**Required action:** Every record below needs to be set down exactly. Pictures do not belong in the copy.

**Raw data:**
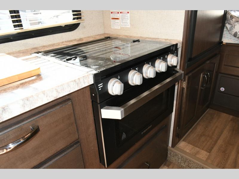 Prepare your favorite meals wherever you roam with a three-burner cooktop, microwave, oven, double-door refrigerator, and deep sink with ample counter space. -
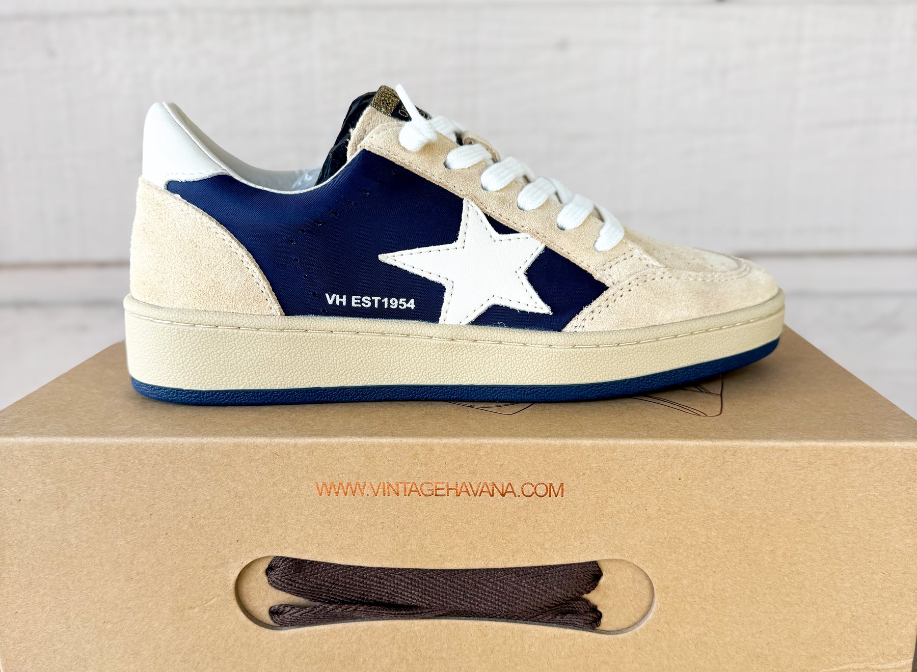 Rock some vintage Havana vibes with these Denisse 57 Sneakers. Featuring a white star design on top of a beige and navy low top style, you'll be the star of the show. Comfort and style collide in these unique kicks. (No need for a time machine, these shoes have got you covered.)
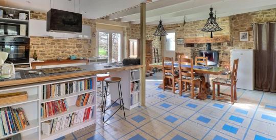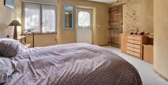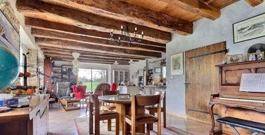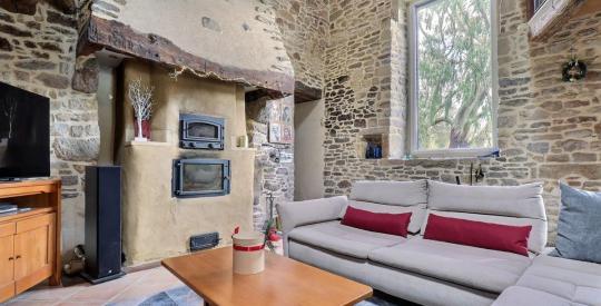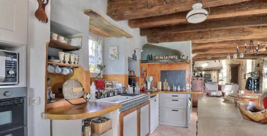 La maison principale (photos 4 à 13), exposée Sud-Ouest, développe environ 200 m² Loi Carrez (230 m² utiles). Baignée de lumière, elle séduit immédiatement par ses murs en pierre apparente aux joints à la chaux (maison saine, murs respirants, aucune humidité), ses poutres massives et ses volumes généreux. La grande pièce de vie, spectaculaire par sa hauteur sous plafond et sa mezzanine avec passerelle en bois, est sublimée par un poêle de masse et un chauffage au sol alimenté par pompe à chaleur au rez-de-chaussée (radiateurs à l'étage). L'ensemble offre une atmosphère chaleureuse et authentique, mêlant confort moderne et charme de l'ancien. La cuisine conviviale et équipée est complétée par une arrière-cuisine fonctionnelle. La vie de plain-pied est parfaitement possible grâce à une chambre située au rez-de-chaussée disposant de sa salle de douche privative avec douche à l'italienne, ainsi qu'un WC indépendant.
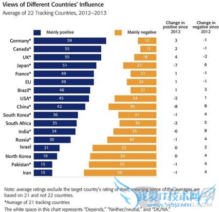 These averages exclude the target country's rating of itself. So for example, the opinions of Germans on Germany are excluded, meaning the country's average rating is based on 21 tracking countries.平均值排除目标国家自己的排名。例如,德国人对德国的排名意见无效,也就是说德国的平均排名是基于21个追踪国家的。
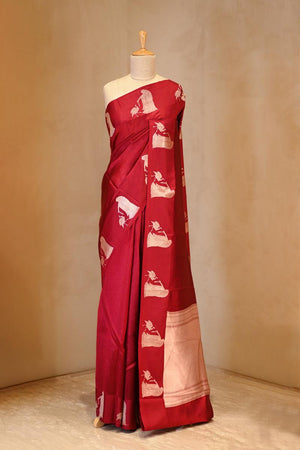 This red Banarasi silk saree features intricate resham tanchoi weaving throughout the body. The border is highlighted with a gold zari woven with woman and swan motifs, while the pallu carries a brocade-style design. It is paired with a matching unstitched blouse fabric designed with tanchoi weaving and gold zari motifs for custom stitching.
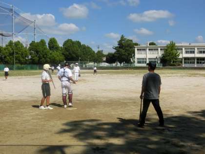 ゲーム形式のメニューで、打撃・守備ともにルールを確認しながらの練習でした。学年を問わず、レギュラー争いが始まっています。
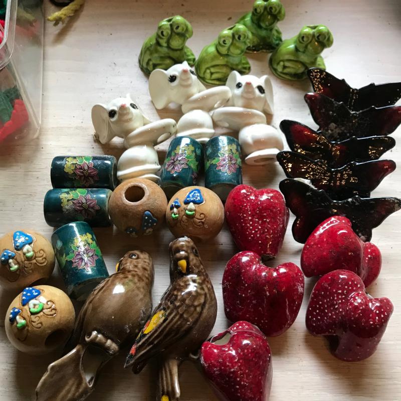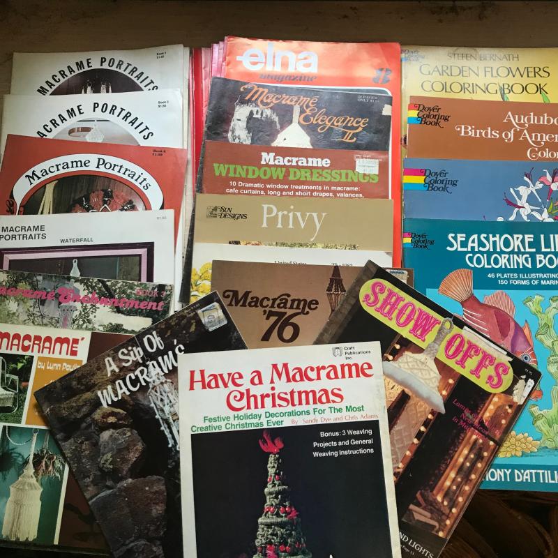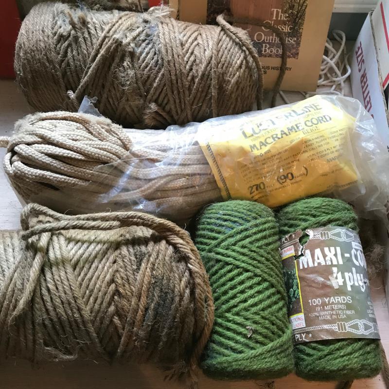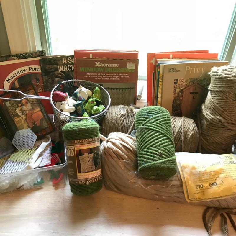 Vintage macrame materials including beads, macrame books, thick yarn (including jute), and misc. crafting materials. Shipping available or local pickup.
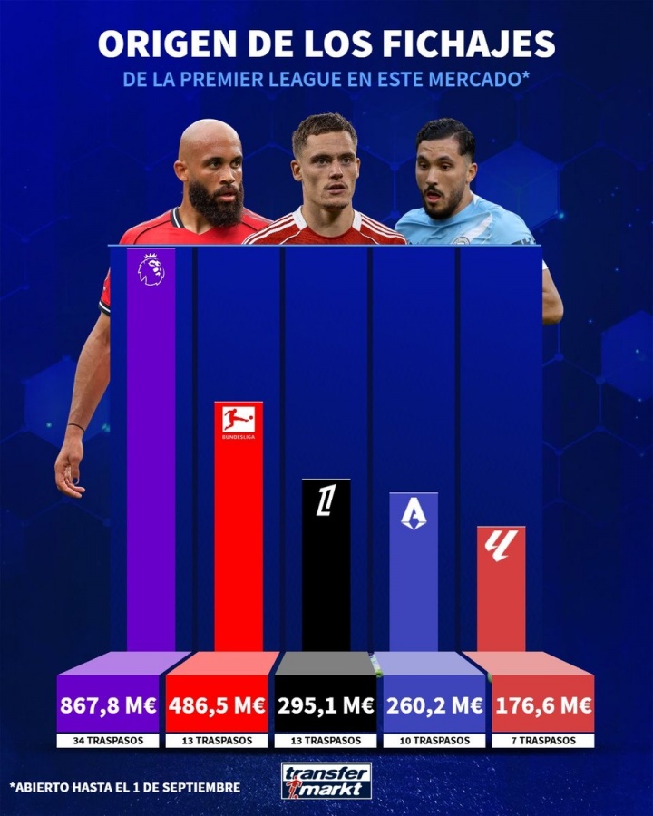 08月21日訊 德轉(zhuǎn)統(tǒng)計了夏窗截至目前英超球隊的引援來源,其中來自英超內(nèi)部的人數(shù)最多,有34人,德甲位居第二,共有13人,花費4.865億歐。
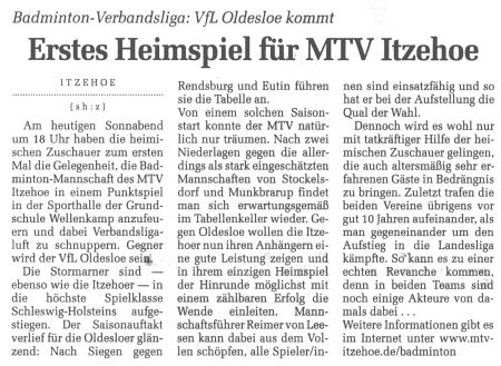 Die 1. Mannschaft in der Norddeutschen Rundschau vom 06.10.2001
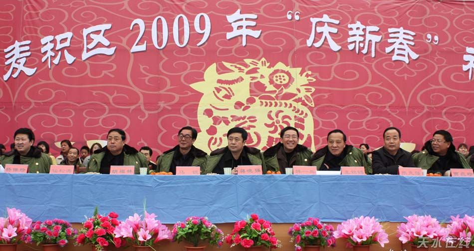 天水市委常委、麥積區(qū)委書(shū)記蔣曉強(qiáng),市人大副主任韓一兵、馬銳,市政協(xié)副主席王欽錫,市委副秘書(shū)長(zhǎng)仙松濤,麥積區(qū)人大常委會(huì)主任胡福林,區(qū)委副書(shū)記、區(qū)長(zhǎng)張克強(qiáng),區(qū)政協(xié)主席賈應(yīng)珍,區(qū)委副書(shū)記楊保珍,區(qū)委常委、副區(qū)長(zhǎng)馬兆讓?zhuān)瑓^(qū)委常委、副區(qū)長(zhǎng)王曉琴,區(qū)委常委、組織部長(zhǎng)楊續(xù)祥,區(qū)委常委、馬跑泉鎮(zhèn)黨委書(shū)記趙曉東,區(qū)委常委、政法委書(shū)記尹首奎,區(qū)委常委、紀(jì)檢委書(shū)記李小敏,區(qū)委常委、宣傳部長(zhǎng)臧志軍,區(qū)委常委、武裝部長(zhǎng)任長(zhǎng)軍,區(qū)人大副主任李加峰、屈光健、馬麗宏、朱懷林,副區(qū)長(zhǎng)謝筱會(huì)、邵長(zhǎng)鋒、楊鐵森等市區(qū)領(lǐng)導(dǎo)出席并觀看了社火匯演。區(qū)委常委、副區(qū)長(zhǎng)王曉琴代表區(qū)四大組織致辭,向全區(qū)各界人士表示新春?jiǎn)柡蚝妥8。區(qū)委常委、宣傳部長(zhǎng)臧志軍主持開(kāi)幕式。
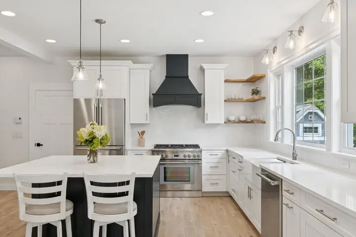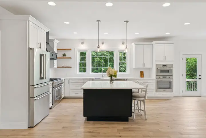 Welcome to 28 River Locks Road, where timeless craftsmanship meets modern comfort. This thoughtfully designed 4,128 sq ft home offers an inviting open-concept first floor with 9' ceilings, French oak hardwoods, and abundant natural light. The gourmet kitchen features quartz counters, an oversized navy island, white cabinetry, a farmhouse sink, walk-in pantry, and high-end appliances, seamlessly connecting to the dining and living areas. Enjoy a cozy electric fireplace (propane ready), a sun-filled sitting area with deck access, and a family room perfect for gatherings. Upstairs, 10' ceilings enhance the spacious feel. The luxurious primary suite boasts hidden walk-ins behind custom bookshelves, a spa-like bath with tiled shower, soaking tub, double quartz vanity, and a private water closet. A bonus room offers custom closet storage, laundry, and beautiful natural light. Two additional ensuite bedrooms, each with private baths, provide comfort for guests or family. The oversized heated/cooled garage offers painted finishes and storage, while the finished lower level expands your living space. Outdoor living shines with a deck, fire pit, and charming ''she shed'' with shiplap, cathedral ceilings, and its own deck. Nestled in a serene setting yet close to town, this is a home to be lived in and loved.

**Written response:**
 Prepare your favorite meals wherever you roam with a three-burner cooktop, microwave, oven, double-door refrigerator, and deep sink with ample counter space. -
 Rock some vintage Havana vibes with these Denisse 57 Sneakers. Featuring a white star design on top of a beige and navy low top style, you'll be the star of the show. Comfort and style collide in these unique kicks. (No need for a time machine, these shoes have got you covered.)
 La maison principale (photos 4 à 13), exposée Sud-Ouest, développe environ 200 m² Loi Carrez (230 m² utiles). Baignée de lumière, elle séduit immédiatement par ses murs en pierre apparente aux joints à la chaux (maison saine, murs respirants, aucune humidité), ses poutres massives et ses volumes généreux. La grande pièce de vie, spectaculaire par sa hauteur sous plafond et sa mezzanine avec passerelle en bois, est sublimée par un poêle de masse et un chauffage au sol alimenté par pompe à chaleur au rez-de-chaussée (radiateurs à l'étage). L'ensemble offre une atmosphère chaleureuse et authentique, mêlant confort moderne et charme de l'ancien. La cuisine conviviale et équipée est complétée par une arrière-cuisine fonctionnelle. La vie de plain-pied est parfaitement possible grâce à une chambre située au rez-de-chaussée disposant de sa salle de douche privative avec douche à l'italienne, ainsi qu'un WC indépendant.
 These averages exclude the target country's rating of itself. So for example, the opinions of Germans on Germany are excluded, meaning the country's average rating is based on 21 tracking countries.平均值排除目标国家自己的排名。例如,德国人对德国的排名意见无效,也就是说德国的平均排名是基于21个追踪国家的。
 This red Banarasi silk saree features intricate resham tanchoi weaving throughout the body. The border is highlighted with a gold zari woven with woman and swan motifs, while the pallu carries a brocade-style design. It is paired with a matching unstitched blouse fabric designed with tanchoi weaving and gold zari motifs for custom stitching.
 ゲーム形式のメニューで、打撃・守備ともにルールを確認しながらの練習でした。学年を問わず、レギュラー争いが始まっています。
 Vintage macrame materials including beads, macrame books, thick yarn (including jute), and misc. crafting materials. Shipping available or local pickup.
 08月21日訊 德轉(zhuǎn)統(tǒng)計了夏窗截至目前英超球隊的引援來源,其中來自英超內(nèi)部的人數(shù)最多,有34人,德甲位居第二,共有13人,花費4.865億歐。
 Die 1. Mannschaft in der Norddeutschen Rundschau vom 06.10.2001
 天水市委常委、麥積區(qū)委書(shū)記蔣曉強(qiáng),市人大副主任韓一兵、馬銳,市政協(xié)副主席王欽錫,市委副秘書(shū)長(zhǎng)仙松濤,麥積區(qū)人大常委會(huì)主任胡福林,區(qū)委副書(shū)記、區(qū)長(zhǎng)張克強(qiáng),區(qū)政協(xié)主席賈應(yīng)珍,區(qū)委副書(shū)記楊保珍,區(qū)委常委、副區(qū)長(zhǎng)馬兆讓?zhuān)瑓^(qū)委常委、副區(qū)長(zhǎng)王曉琴,區(qū)委常委、組織部長(zhǎng)楊續(xù)祥,區(qū)委常委、馬跑泉鎮(zhèn)黨委書(shū)記趙曉東,區(qū)委常委、政法委書(shū)記尹首奎,區(qū)委常委、紀(jì)檢委書(shū)記李小敏,區(qū)委常委、宣傳部長(zhǎng)臧志軍,區(qū)委常委、武裝部長(zhǎng)任長(zhǎng)軍,區(qū)人大副主任李加峰、屈光健、馬麗宏、朱懷林,副區(qū)長(zhǎng)謝筱會(huì)、邵長(zhǎng)鋒、楊鐵森等市區(qū)領(lǐng)導(dǎo)出席并觀看了社火匯演。區(qū)委常委、副區(qū)長(zhǎng)王曉琴代表區(qū)四大組織致辭,向全區(qū)各界人士表示新春?jiǎn)柡蚝妥8。區(qū)委常委、宣傳部長(zhǎng)臧志軍主持開(kāi)幕式。
 Welcome to 28 River Locks Road, where timeless craftsmanship meets modern comfort. This thoughtfully designed 4,128 sq ft home offers an inviting open-concept first floor with 9' ceilings, French oak hardwoods, and abundant natural light. The gourmet kitchen features quartz counters, an oversized navy island, white cabinetry, a farmhouse sink, walk-in pantry, and high-end appliances, seamlessly connecting to the dining and living areas. Enjoy a cozy electric fireplace (propane ready), a sun-filled sitting area with deck access, and a family room perfect for gatherings. Upstairs, 10' ceilings enhance the spacious feel. The luxurious primary suite boasts hidden walk-ins behind custom bookshelves, a spa-like bath with tiled shower, soaking tub, double quartz vanity, and a private water closet. A bonus room offers custom closet storage, laundry, and beautiful natural light. Two additional ensuite bedrooms, each with private baths, provide comfort for guests or family. The oversized heated/cooled garage offers painted finishes and storage, while the finished lower level expands your living space. Outdoor living shines with a deck, fire pit, and charming ''she shed'' with shiplap, cathedral ceilings, and its own deck. Nestled in a serene setting yet close to town, this is a home to be lived in and loved.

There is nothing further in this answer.